**Collected data:**
* * *

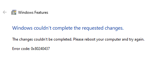 This can be fixed by copying over the Win10 ISO cab files to the local machine, then use a DISM command:
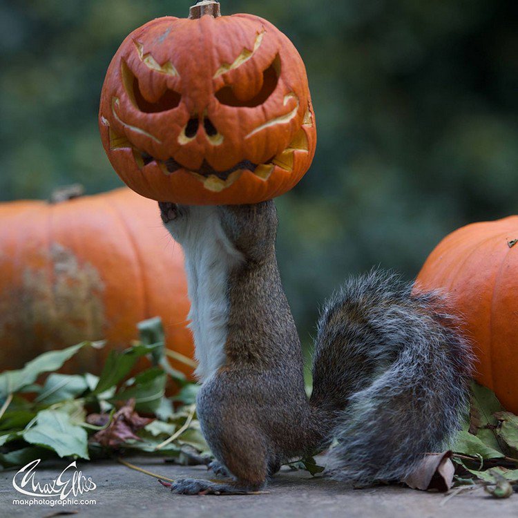 British photographer Max Ellis just loves watching squirrels frolicking in his backyard. When he saw what they were doing with the Jack O'Lantern and pumpkins outside at Halloween he just had to get his camera out and get snapping. Ellis manages to get some totally amazing shots during his photo shoots by leaving treats out for squirrels alongside the props he wants them to play with. In fact Ellis prides himself on having some of the best fed squirrels on earth right on his doorstep!
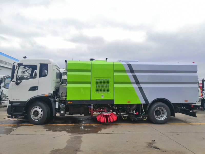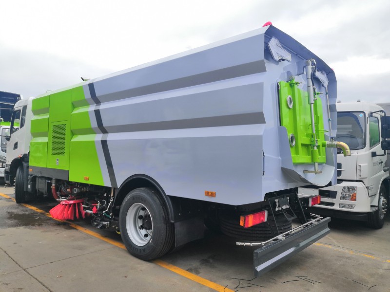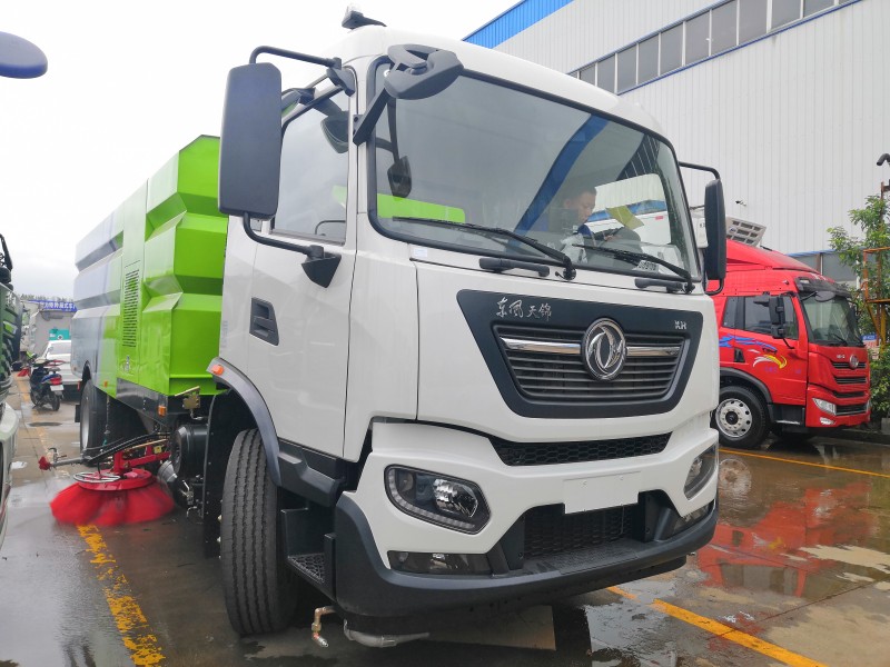 ? 洗掃車采用東風天錦DFH1180EX8型國六二類汽車底盤改裝,加裝副發動機、風機、高壓水泵、清水箱、垃圾箱、左右立掃、帶噴水桿的寬吸嘴、低壓沖洗系統、掃盤降塵系統、液壓系統、專用裝置電控系統和副車架等改裝而成。
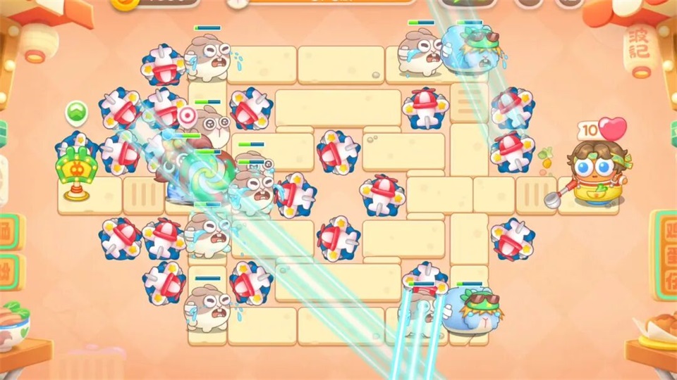 这是最关键的资源技巧!如果本轮敌人已经稳赢,千万别让它们死太快,特意留最后一只兔子,趁它慢悠悠前进时,让所有炮塔转头清建筑赚金币。经常为了保住最后一只兔子 “保驾护航”:它安全时让炮塔疯狂拆楼,它快到危险区域时,就让炮塔停火,等它走远了再继续拆,直到它死在终点前,才算物尽其用~
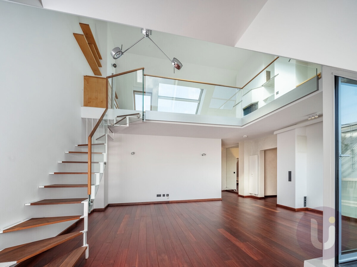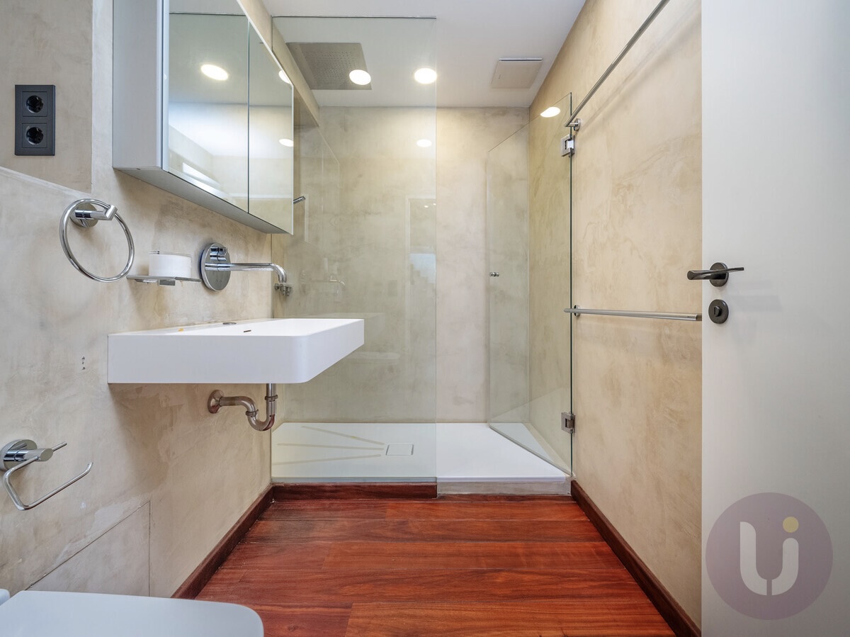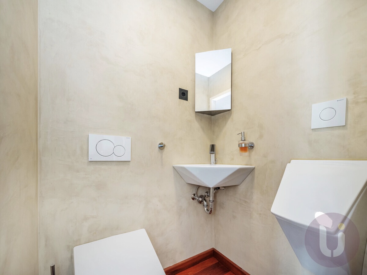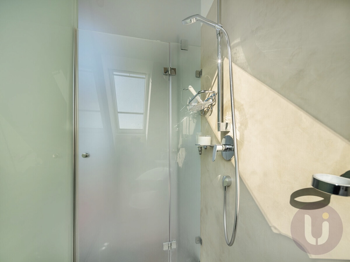 Eine elegante Holztreppe führt zur Galerieebene mit stilvoller Glasabtrennung – ideal als Schlaf- oder Arbeitsbereich mit eigenem Badezimmer.

* * *

**EXERCISE DETAILS:**
Your answer must be the exact lines from the one containing "British photographer Max" through the last line of the records above, with both included and no pictures.

**EXERCISE RESULT:**
 British photographer Max Ellis just loves watching squirrels frolicking in his backyard. When he saw what they were doing with the Jack O'Lantern and pumpkins outside at Halloween he just had to get his camera out and get snapping. Ellis manages to get some totally amazing shots during his photo shoots by leaving treats out for squirrels alongside the props he wants them to play with. In fact Ellis prides himself on having some of the best fed squirrels on earth right on his doorstep!
 ? 洗掃車采用東風天錦DFH1180EX8型國六二類汽車底盤改裝,加裝副發動機、風機、高壓水泵、清水箱、垃圾箱、左右立掃、帶噴水桿的寬吸嘴、低壓沖洗系統、掃盤降塵系統、液壓系統、專用裝置電控系統和副車架等改裝而成。
 这是最关键的资源技巧!如果本轮敌人已经稳赢,千万别让它们死太快,特意留最后一只兔子,趁它慢悠悠前进时,让所有炮塔转头清建筑赚金币。经常为了保住最后一只兔子 “保驾护航”:它安全时让炮塔疯狂拆楼,它快到危险区域时,就让炮塔停火,等它走远了再继续拆,直到它死在终点前,才算物尽其用~
 Eine elegante Holztreppe führt zur Galerieebene mit stilvoller Glasabtrennung – ideal als Schlaf- oder Arbeitsbereich mit eigenem Badezimmer.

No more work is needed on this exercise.